Day 9 prompt: write a concrete poem wherein the lines and words are organized into a shape that reflects the theme of the poem. Old, beat up baseballs, covered in electrical tape, were not always spherical either. This must be viewed on the site. Email will not provide the shape.
***
Sandlot baseball,
stickball, wiffleball, were all
for me, when I was a cantankerous lad
of some age without a uniform or cap, and maybe
a black taped ball in hand, air, or a grounder to bounce
just right to smack my face, but no such fear did I ever show,
even though I had bouncing grounders or fliers catch me taking
a peek to home or second, at the runner, and not a catch would I
make, or when batting rocket arm riley wound up to heave a bean
ball shot at me wearing no sissy hard hat or gloves or pads, just me
in the sun on a warm summer day doing things with balls or games,
like burn-out, whatever cleat-less shoes we had worked and we had
no managers, couches, parents, or girlfriends to bother with us. An
old dog chased our ball, swiping it, tearing the tape, and left us to
scavenge for a new old beat-up ball. The dog would not give
ours back. We could not catch one old dog. I recall many
memories of taped balls and bats and days when we
would just play the day away with whatever we
had. That left us with only memories of balls,
old dogs, and names of many games
we played in those dirty
old sandlots.
***
Look both ways, but do not take your eye off the ball.

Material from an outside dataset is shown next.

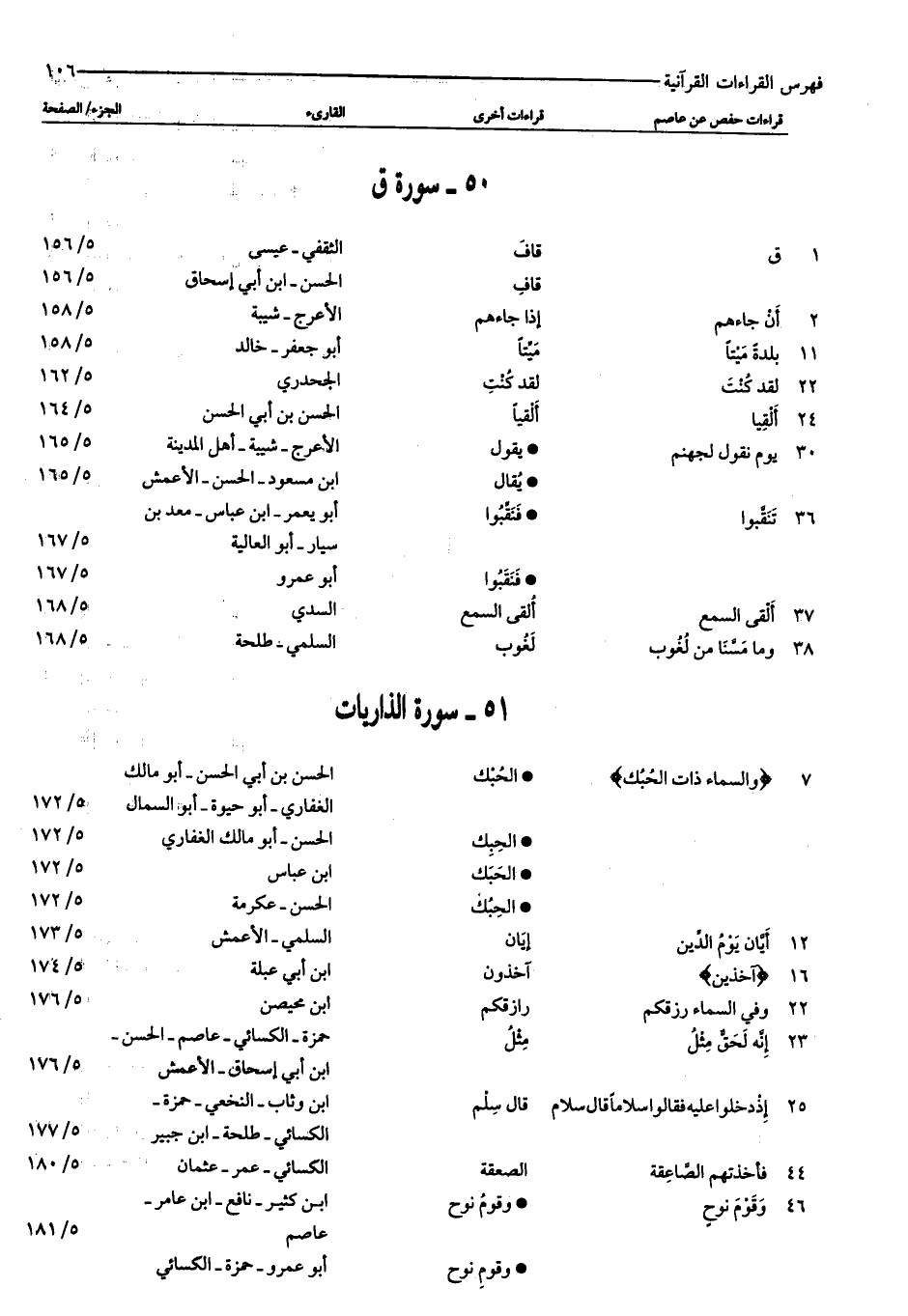 ٧: وَالسَّماءِ ذاتِ الْحُبُكِ: الحبك: الحسن بن أبي الحسن- أبو مالك الغفاري- أبو حيوة- أبو السمال: ٥/ ١٧٢ الحبك: الحسن- أبو مالك الغفاري: ٥/ ١٧٢ الحبك: ابن عباس: ٥/ ١٧٢ الحبك: الحسن- عكرمة: ٥/ ١٧٢ ١٢: أَيَّانَ يَوْمُ الدِّينِ: إيان: السلمي- الأعمش: ٥/ ١٧٣ ١٦: آخِذِينَ: آخذون: ابن أبي عبلة: ٥/ ١٧٤ ٢٢: وَفِي السَّماءِ رِزْقُكُمْ: رازقكم: ابن محيصن: ٥/ ١٧٦ ٢٣: إِنَّهُ لَحَقٌّ مِثْلَ: مثل: حمزة- الكسائي- عاصم- الحسن- ابن أبي إسحاق- الأعمش: ٥/ ١٧٦ ٢٥: إِذْ دَخَلُوا عَلَيْهِ فَقالُوا سَلاماً قالَ سَلامٌ: قال سلم: ابن وثاب- النخعي- حمزة- الكسائي- طلحة- ابن جبير: ٥/ ١٧٧ ٤٤: فَأَخَذَتْهُمُ الصَّاعِقَةُ: الصعقة: الكسائي- عمر- عثمان: ٥/ ١٨٠ ٤٦: وَقَوْمَ نُوحٍ: وقوم نوح: ابن كثير- نافع- ابن عامر- عاصم: ٥/ ١٨١ وقوم نوح: أبو عمرو- حمزة- الكسائي

Mind the gaps but take the longest lead you can safely manage.
Day 8 prompt: Use a portion of a poem from a twitter bot as seed (inspiration) to write a poem.
Confession: I dislike the words twitter, tweet, and bot. It’s getting late. I need a poem. I’ve read nearly all of Anne Carson’s “The Glass Essay” searching. I considered her “Where does unbelief begin?” and discovered her phrase, “That was the night that centered Heaven and Hell,” which I may use later. I pondered Richard Siken’s words, “Let’s admit, without apology, what we do to each other” and “This has nothing to do with faith but is still a good question.” I did the perusal work of reviewing several twitter bots. Nothing worked.
Then, as I was re-reading Tim O’Brien’s The Things They Carried (1990), I found it. I try to do “optional” prompts. I hope I semi-followed the elective prompt with a twist.
My poem is based on a scene from O’Brien’s book, specifically from the chapter, “On the Rainy River.” Tim writes of sitting in a small boat 20 yards from Canada while facing his inner dilemma of doing what he thinks is morally right and what his family and most people (at the time) thought he should do: to accept his draft notice and fight in the Viet Nam War.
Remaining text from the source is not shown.